Supplied data »
⟨

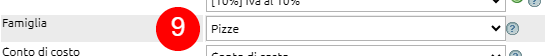 Inserisci il codice iva (9) e valorizza il campo Famiglia con il valore Birre (10):
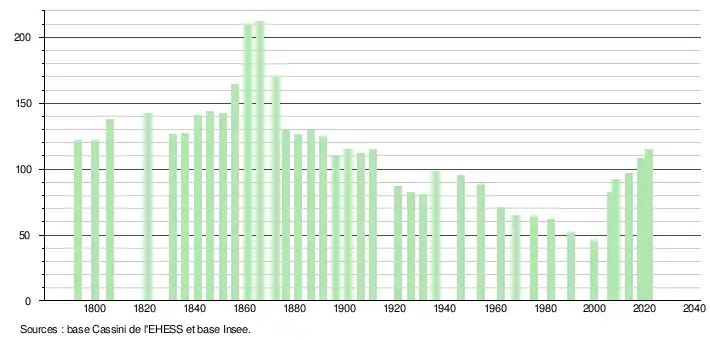 | L'évolution du nombre d'habitants est connue à travers les recensements de la population effectués dans la commune depuis 1793. Pour les communes de moins de 10 000 habitants, une enquête de recensement portant sur toute la population est réalisée tous les cinq ans, les populations légales des années intermédiaires étant quant à elles estimées par interpolation ou extrapolation[31]. Pour la commune, le premier recensement exhaustif entrant dans le cadre du nouveau dispositif a été réalisé en 2008[32]. En 2021, la commune comptait 115 habitants[Note 5], en augmentation de 12,75 % par rapport à 2015 (Haute-Garonne : +7,43 %, France hors Mayotte : +1,84 %). |
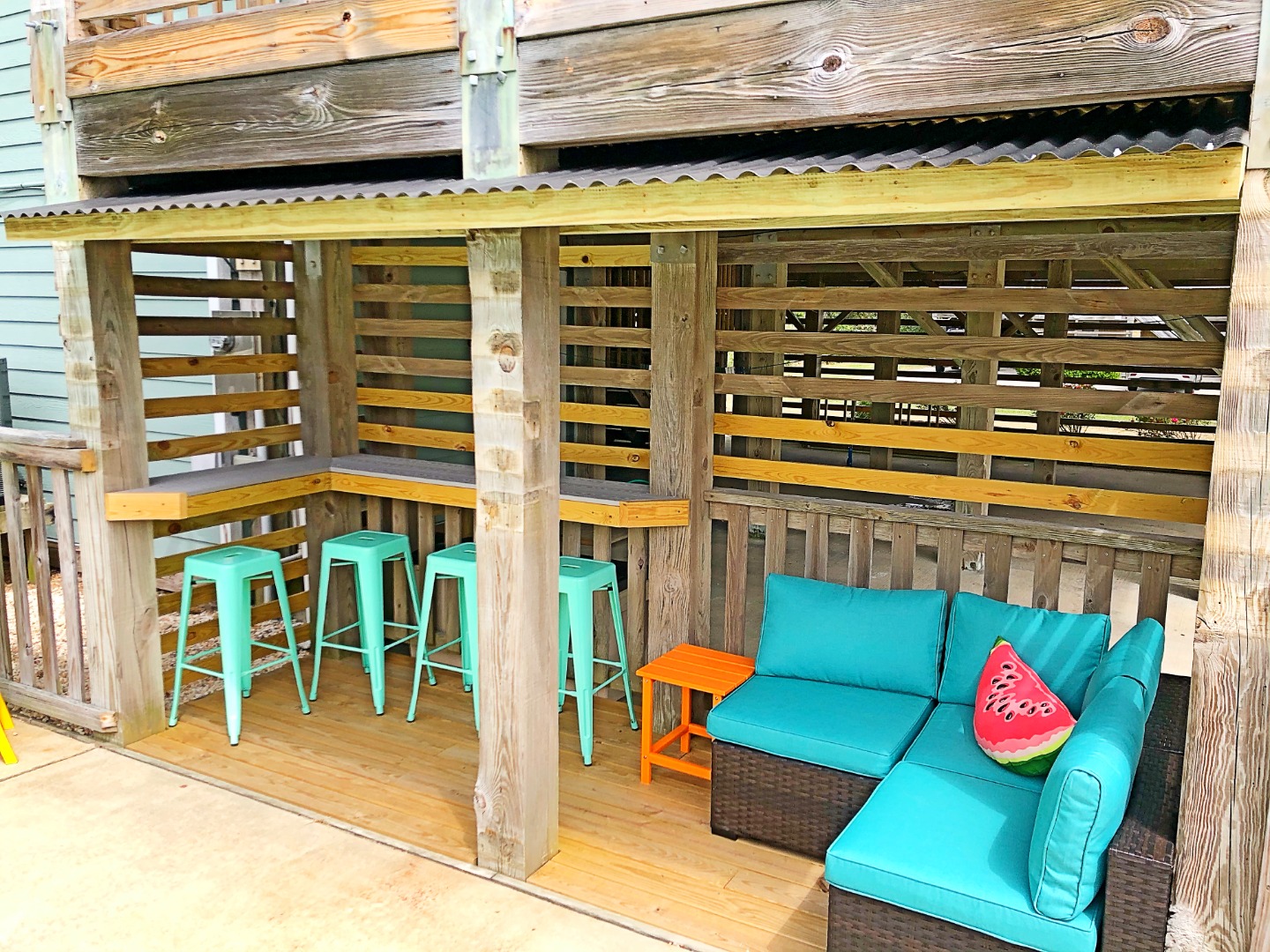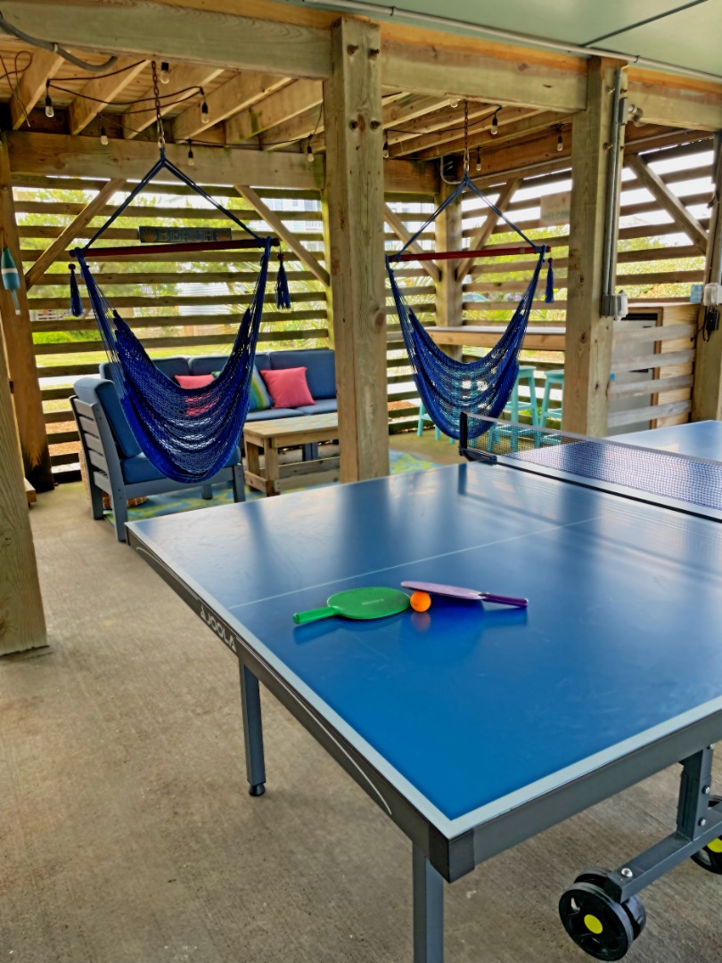 Ground Level - Exterior amenities include a gated-private pool with Covered Cabana and Tiki Bar; Covered Hangout area with second Bar, Fridge/Freezer, seating for 10+, outdoor Games, and Hammock Swings; outdoor shower and park style grill. Entry level. Twin Bedroom.

⟩

Exercise prompt »
Copy out every line of the data above, taking care to leave the pictures out.

Task result »
 Inserisci il codice iva (9) e valorizza il campo Famiglia con il valore Birre (10):
 | L'évolution du nombre d'habitants est connue à travers les recensements de la population effectués dans la commune depuis 1793. Pour les communes de moins de 10 000 habitants, une enquête de recensement portant sur toute la population est réalisée tous les cinq ans, les populations légales des années intermédiaires étant quant à elles estimées par interpolation ou extrapolation[31]. Pour la commune, le premier recensement exhaustif entrant dans le cadre du nouveau dispositif a été réalisé en 2008[32]. En 2021, la commune comptait 115 habitants[Note 5], en augmentation de 12,75 % par rapport à 2015 (Haute-Garonne : +7,43 %, France hors Mayotte : +1,84 %). |
 Ground Level - Exterior amenities include a gated-private pool with Covered Cabana and Tiki Bar; Covered Hangout area with second Bar, Fridge/Freezer, seating for 10+, outdoor Games, and Hammock Swings; outdoor shower and park style grill. Entry level. Twin Bedroom.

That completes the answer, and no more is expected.